Another story that will stay with us was provided by 11-year-old Stephen McKenna of Lexington. He came through the line with his mother, who handed me a handwritten letter authored by Stephen, and an article from a local newspaper that told his story. In the winter of 2001, Stephen was earning money by baby-sitting chickens. (As my father might add here, I am not making this up.) He wrote: "Before I took care of them, the five chickens laid a total of one egg every other day. By the time I had finished loving and playing with them, they were laying 3-4 eggs a day. I earned $3 per day for a total of $147. " Stephen wanted to use the money to take his grandfather, sister, and mother to Opening Day at Fenway Park, but he couldn't get tickets. His mother faxed the letter to my Dad, who called the house to make sure it was legitimate. Then, Will got on the phone to the Red Sox, and Stephen and his family had their tickets to Opening Day. Stephen also wrote that he was doing this in memory of his great-grandmother, Nana, a lifelong Red Sox fan who had died two weeks earlier at the age of 96. Stephen wrote: "Nana's first stop was to go talk to Babe Ruth so he would lift the curse!" I bet Nana and Will are working on that one together.

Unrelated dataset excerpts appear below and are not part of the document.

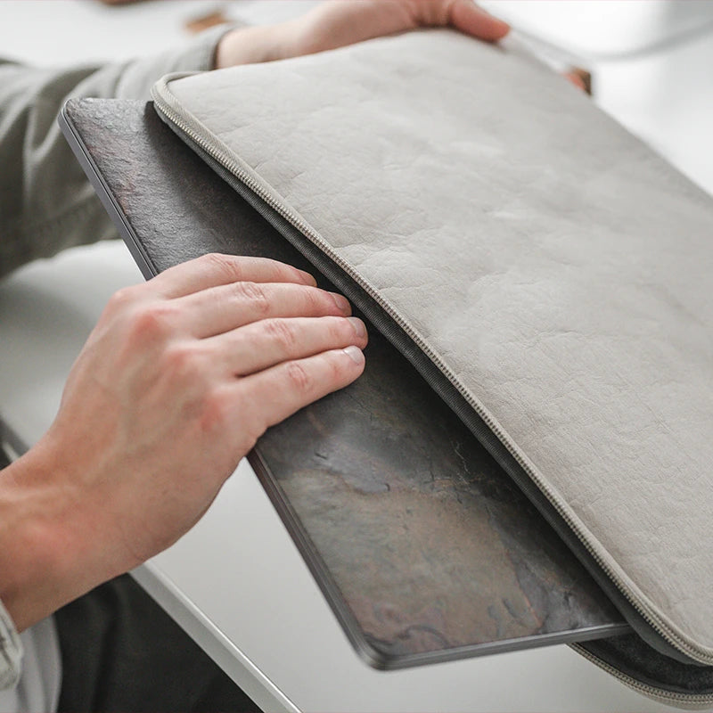 Hochwertiges Laptop Sleeve aus wasserabweisendem, strapazierfähigem Kraftpapier. Zuverlässiger Schutz gegen Wind & Wetter!
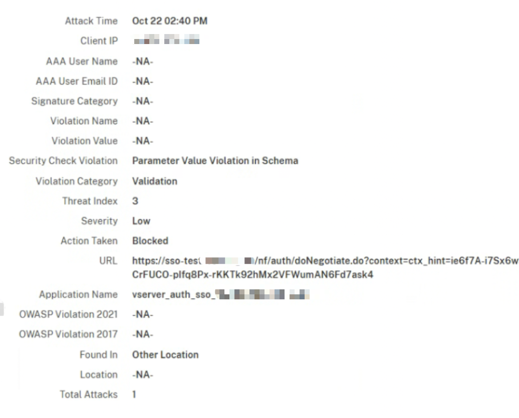 ns-aaa-default-appfw-profile Parameter value incorrect as per API Spec: (ns-aaa-spec) for Endpoint: (POST https://aaa.customer.com/nf/auth/doNegotiate.do?context=XXXXX) <blocked>
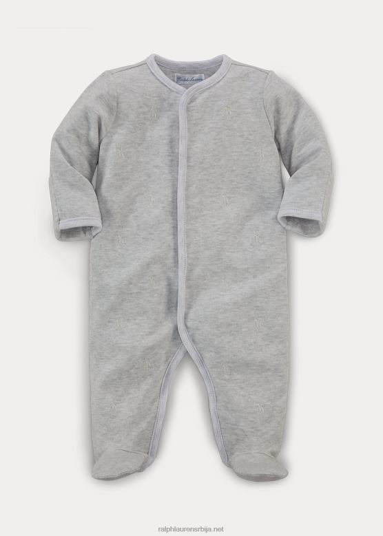 беба Ralph Lauren тонал поло пони комбинезон са памучним стопалима V2V4410016 кварц сиви вресак
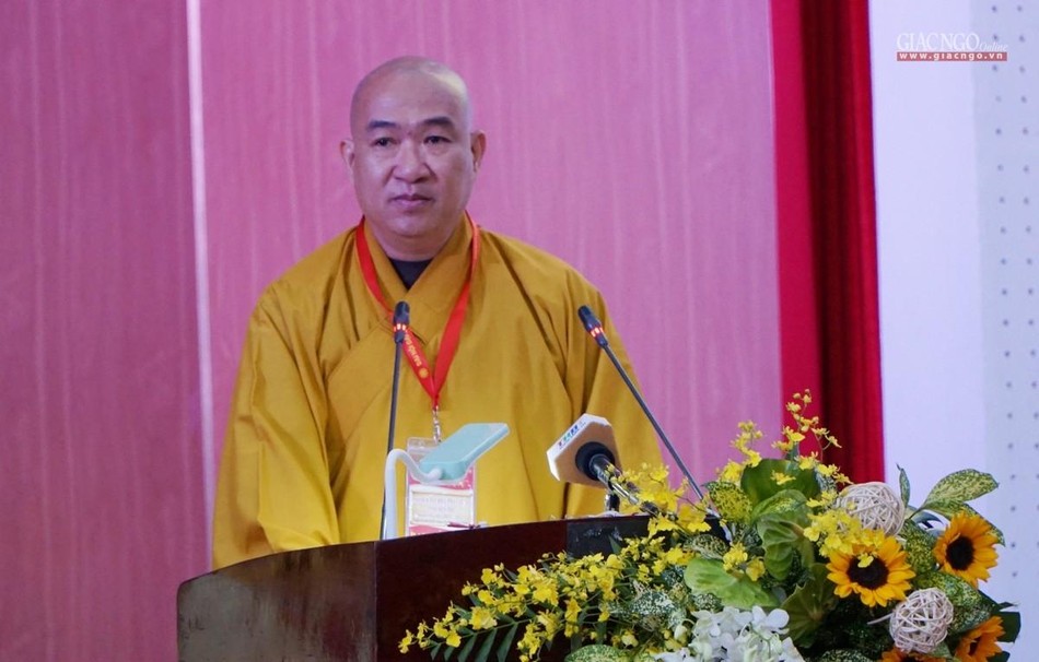 | Đại đức Thích Trí Thuận trình bày báo cáo hoạt động Phật sự khóa VI |
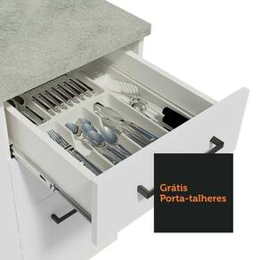 O acabamento da cozinha é branco, feito em Pintura Poliéster com 7 camadas que protegem o móvel dos efeitos do álcool da água e do calor.
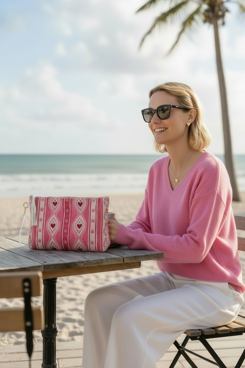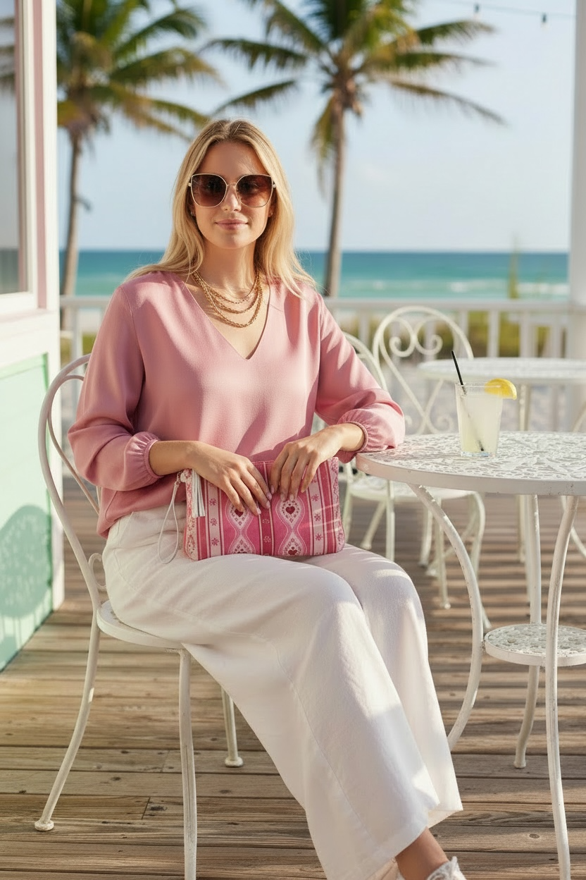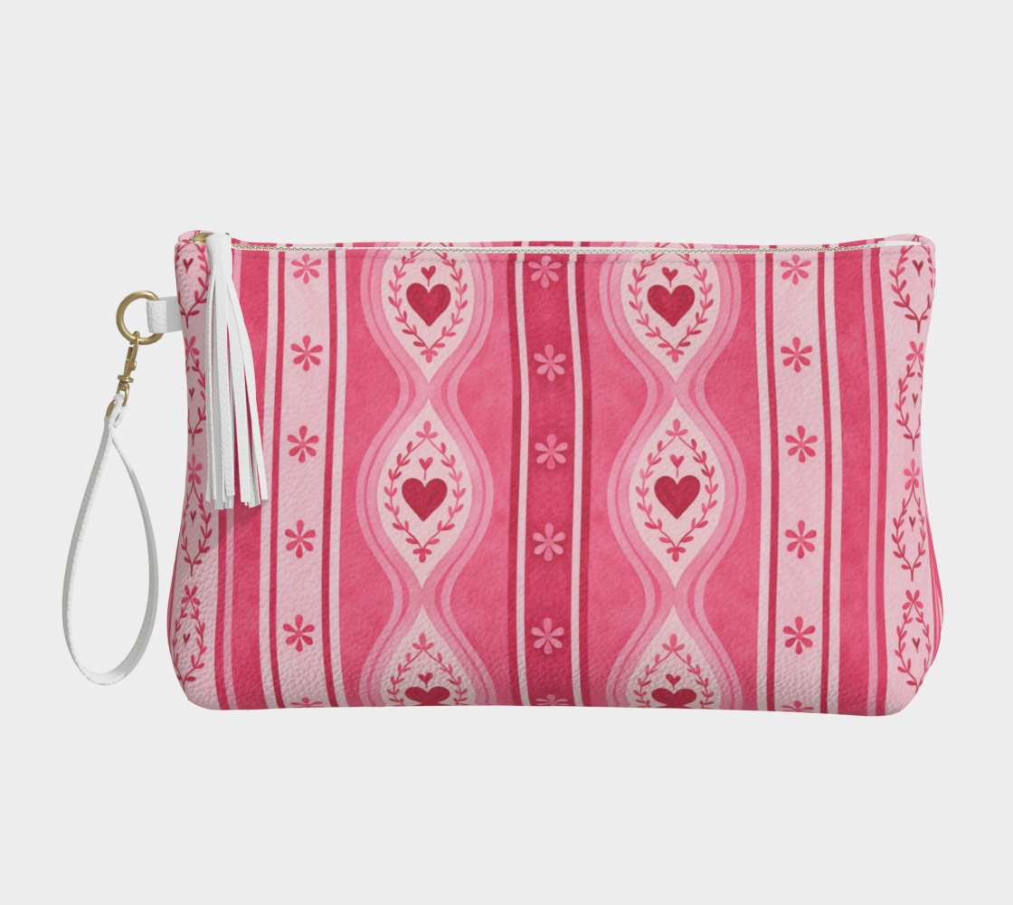 Sweetheart Folk Stripe Vegan Leather Clutch Wristlet
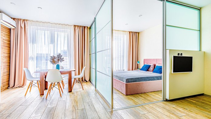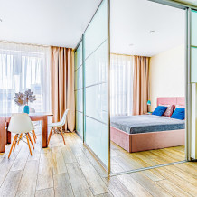 Апартаменты состоят из гостиной комнаты объединенной с кухонной зоной и отдельной спальней. В спальне двуспальная кровать с ортопедическим матрацем, 2 прикроватные тумбы, светильник. В гостиной стоит угловой двуспальный диван, жк телевизор, кухонный гарнитур, обеденный стол и стулья. Всегда заправлен комплект чистого постельного белья. В ванной комнате мы подготовили для Вас шампунь, гель для душа, зубную пасту и жидкое мыло. А также мягкие банные полотенца и тапочки. В квартире проведен скоростной Wi-Fi интернет, чтобы Вы могли всегда оставаться на связи.
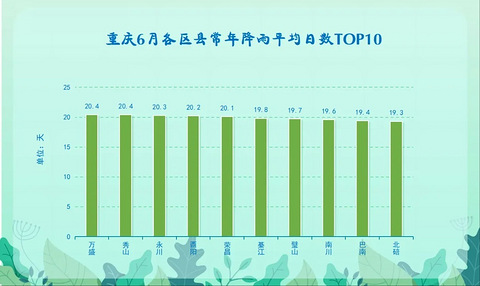 重庆的6月是多雨的时段,我们一起来看看往年6月各区县降雨有多频繁↓↓ 来自重庆气候监测分析平台数据显示,常年(1991~2020年)6月1日至6月30日,重庆各区县平均降雨日数均超过了16天,其中万盛、秀山、永川、酉阳、荣昌还达到了20天以上!沙坪坝的平均降雨日数为18.5天。
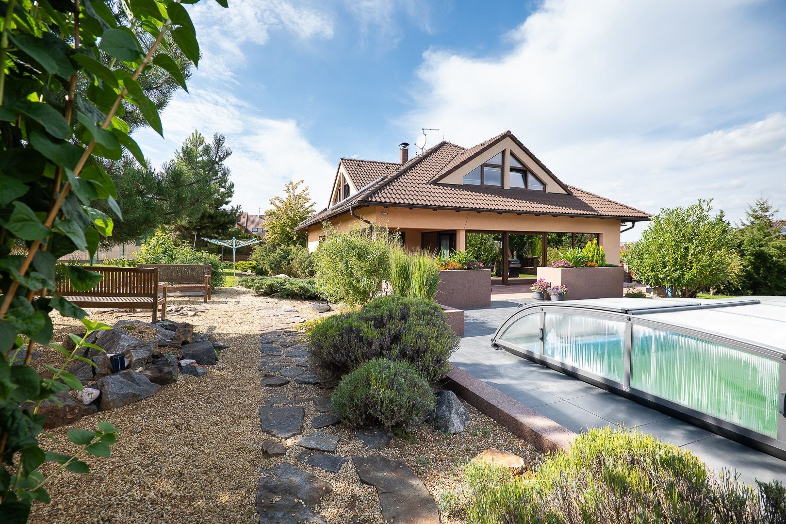 Okrasná zahrada s upravenou zelení a zahradním domkem nabízí dostatek prostoru pro relax i rodinná setkání. Večer si můžete užít posezení u ohně, přes den zase slunnou terasu nebo bazén.
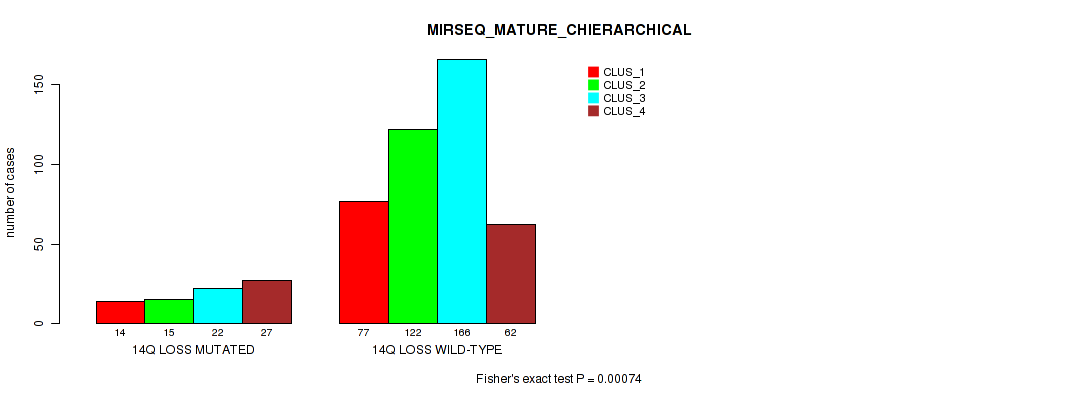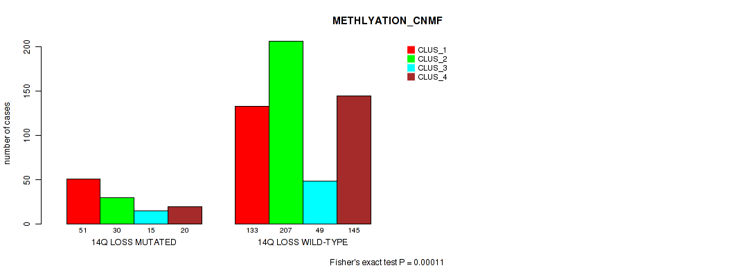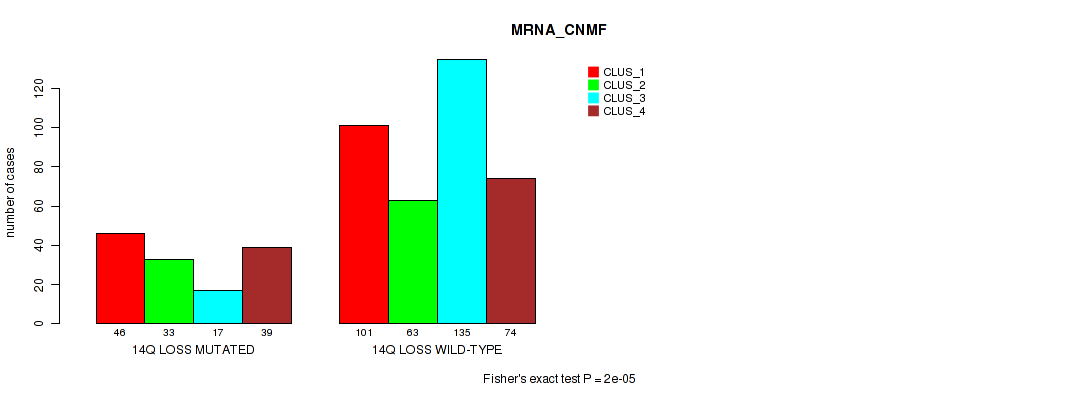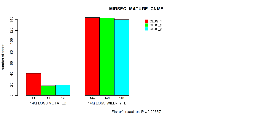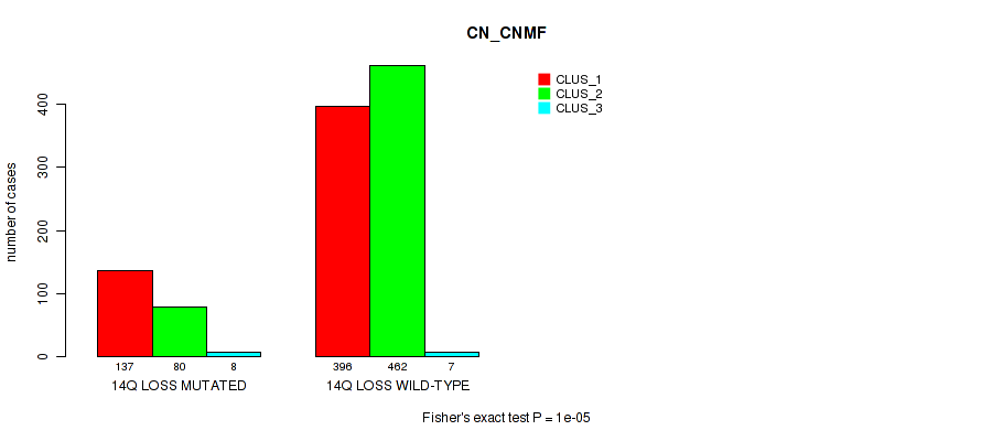 14q loss cnv correlated to 'MRNA_CNMF', 'MRNA_CHIERARCHICAL', 'CN_CNMF', 'METHLYATION_CNMF', 'MRNASEQ_CNMF', 'MRNASEQ_CHIERARCHICAL', 'MIRSEQ_CNMF', 'MIRSEQ_CHIERARCHICAL', 'MIRSEQ_MATURE_CNMF', and 'MIRSEQ_MATURE_CHIERARCHICAL'.
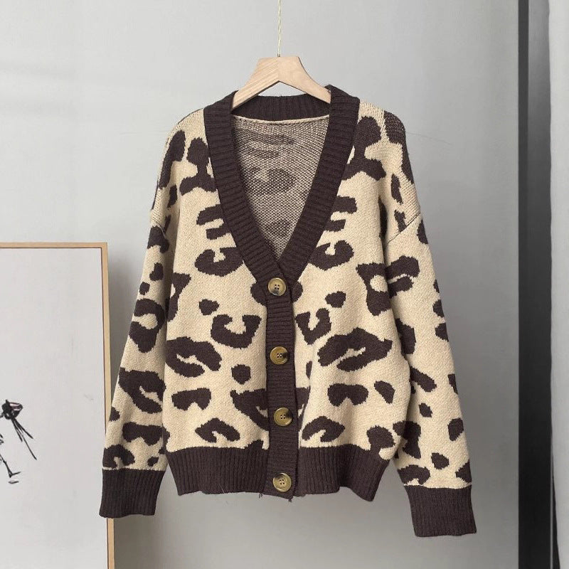 Leopard Print V-Neck Oversized Knit Cardigan DP25H633
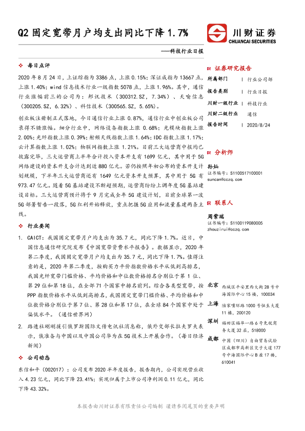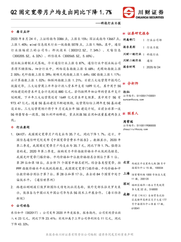 【川财证券】【20200824】Q2固定宽带月户均支出同比下降1.7%-4页
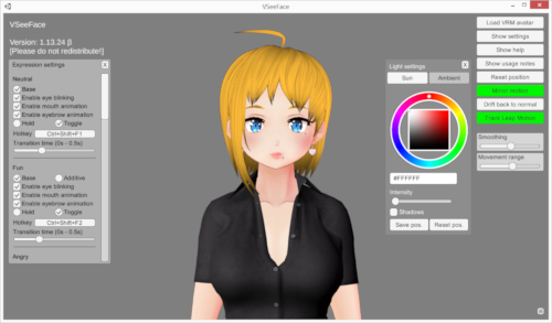VSeeFace(虚拟偶像面部捕捉工具)通过动作捕捉和人脸的表情捕捉,将捕捉的数据传递到虚拟模型上,驱动模型的骨骼和表情,进而实现虚拟的人物实时互动的效果。用户可以将自己的虚拟画面与广大网友一起分享,提供了强大的面部捕捉技术,能够智能识别用户的每一个表情,达到完美同步。完全可以免费使用,类似于Luppet、3tene、Wakaru等软件的功能,需要的网友快来体验!
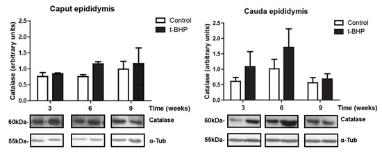 Catalase expression levels were determined in rat epididymis from control and treated rats. Although not significant, we observed a trend of increase in treated rats compared to control at 3 and 6 weeks in cauda epididymis (Figure 5). Caput epididymis did not show upregulation of catalase at any time point.
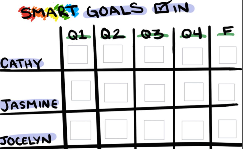 Set your team up for success in reaching their goals by having a whole team workshop to discuss and develop goals together. Goals are more likely to be achieved when they are visual, revisited, crafted in a SMART format, and shared with accountability buddies.
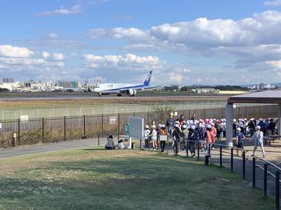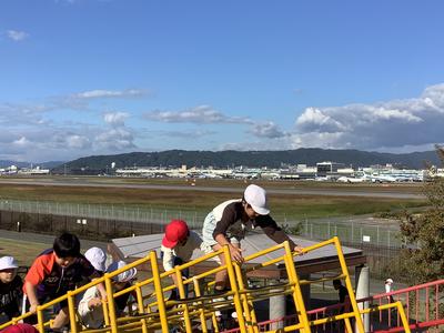 最後に伊丹スカイパークで飛行機を見ながら遊びました。本日は、伊丹市側から大阪国際空港を見たのですが、「空港のあるまち・豊中」を実感してくれたのではないかと思います。
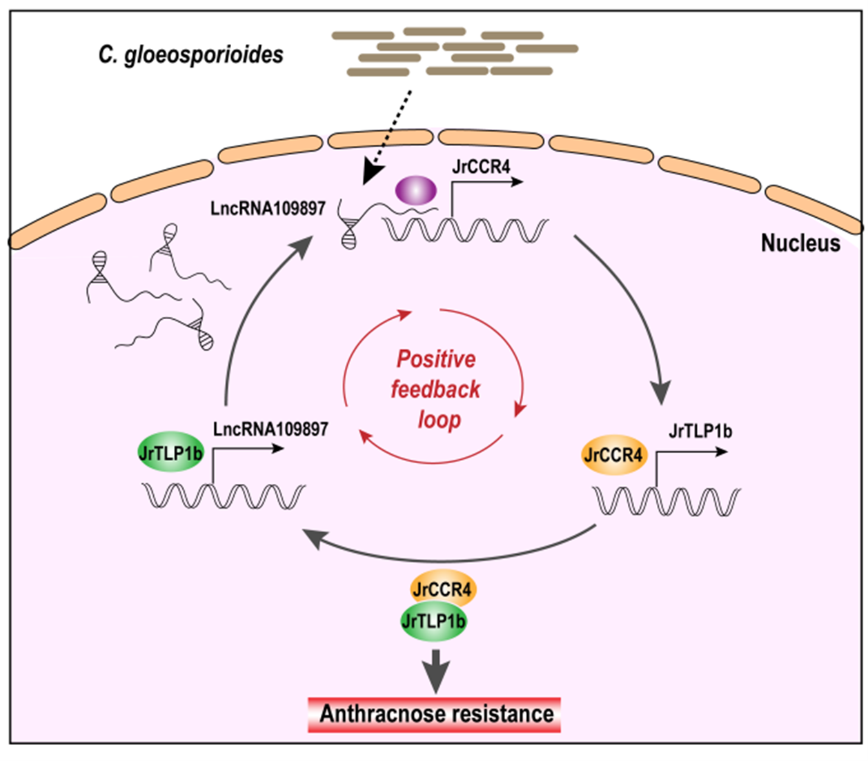 LncRNA 及其靶基因在植物抗病的先天免疫過程中發揮著重要作用。楊克強/房鴻成團隊通過轉錄組分析和 qRT-PCR 篩選到一個與核桃抗炭疽病顯著相關的lncRNA109897 及其靶基因 JrCCR4。團隊以JrCCR4 蛋白作為誘餌,Y2H 篩庫實驗發現JrTLP1b 為JrCCR4 的潛在互作蛋白;Pull down 和BiFC 實驗反向驗證了JrCCR4 與JrTLP1b 的互作關系。利用體外蛋白降解實驗和LUC 實驗證明JrCCR4 不僅可以穩定JrTLP1b 的蛋白活性,還可以激活 JrTLP1b 的轉錄。同時, JrTLP1b 能夠誘導 lncRNA109897 的表達并激活 lncRNA109897 啟動子的轉錄活性。在核桃葉片中的瞬時轉化和對擬南芥的穩定遺傳轉化實驗均證明了lncRNA109897、JrCCR4 和JrTLP1b 可提高轉基因葉片對膠孢炭疽菌的抗性。這些研究結果闡明了 lncRNA109897-JrCCR4-JrTLP1b 以正向反饋環路調控核桃對炭疽病抗性,拓展和深化了核桃對炭疽病抗性的認識,也為核桃抗病聚合育種提供了思路。
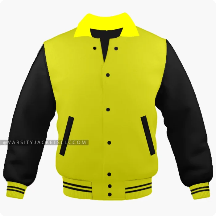 Yellow And Black Varsity Letterman Jacket, Byron Collar For Men And Women

On behalf of our entire family, I want to express our most sincere and heartfelt thanks to the thousands of you who have taken time to share your thoughts about my Dad with us. From the beautiful tributes from my colleagues in the media, to the random strangers who reached out to us in a variety of ways, your kindness will never be forgotten. Most of all, to our closest friends who have been there for us when we needed them most, and while dealing with their own profound sadness and grief, we love you more than we can adequately express. My lasting hope is that each of us will learn from, and follow, Dad's example. That we will all take time to be better to each other, and perform random acts of kindness.

During that time last month when my father was hospitalized, I was struggling with one of the most difficult decisions I have ever had to make. I was considering a great offer from the New York Mets to become their television broadcaster. During one of our visits, I laid out the details for my Dad. For him, it was an easy decision. It never took Dad long to reach a conclusion. He told me I should go to the Mets because their ownership and television executives were treating me beautifully and with a lot of respect, while the Red Sox ownership and television management was indifferent at best. He felt I deserved a lot better from the Red Sox than a serious reduction in workload and pay. For Dad, it was often about the good guys versus the bad guys.

For several days, I was leaning strongly toward taking the Mets' offer. As usual, my Dad's opinion was the foremost factor in my mind. I can't recall ever making an important decision when I did not follow my Dad's advice. I was having a hard time accepting the Mets' offer because I knew my heart wasn't in leaving Boston and the Red Sox. After a couple of days, my Dad must have sensed this as well. On a subsequent visit to the hospital, at a time when I absolutely had to make a decision, he told me he thought I should stay in Boston because everything I care about is here. Only then did I have courage to follow my heart and stay. To me, it was about the good guy. It was about my Dad. I told him the biggest reason I wanted to stay was because I wanted to spend more time with him, playing golf and hanging out on my boat. I won't have that chance, but I thank God every day that I told him.

Over the years on Red Sox telecasts, many of you have heard me refer to Boston as "America's Greatest City." And when I sit at the microphone on Opening Day, I will say that again and mean it as sincerely as I possibly can. Thank you to all of you who have reminded our family that it is our people who make this city great. Thank you for reinforcing in me that it was the right thing to stay, and why I could never live anywhere else. Most of all, thank you for giving "Mr. Big" the send-off he so richly deserved.

And Dad, thank you for always making me the luckiest and proudest son who ever lived.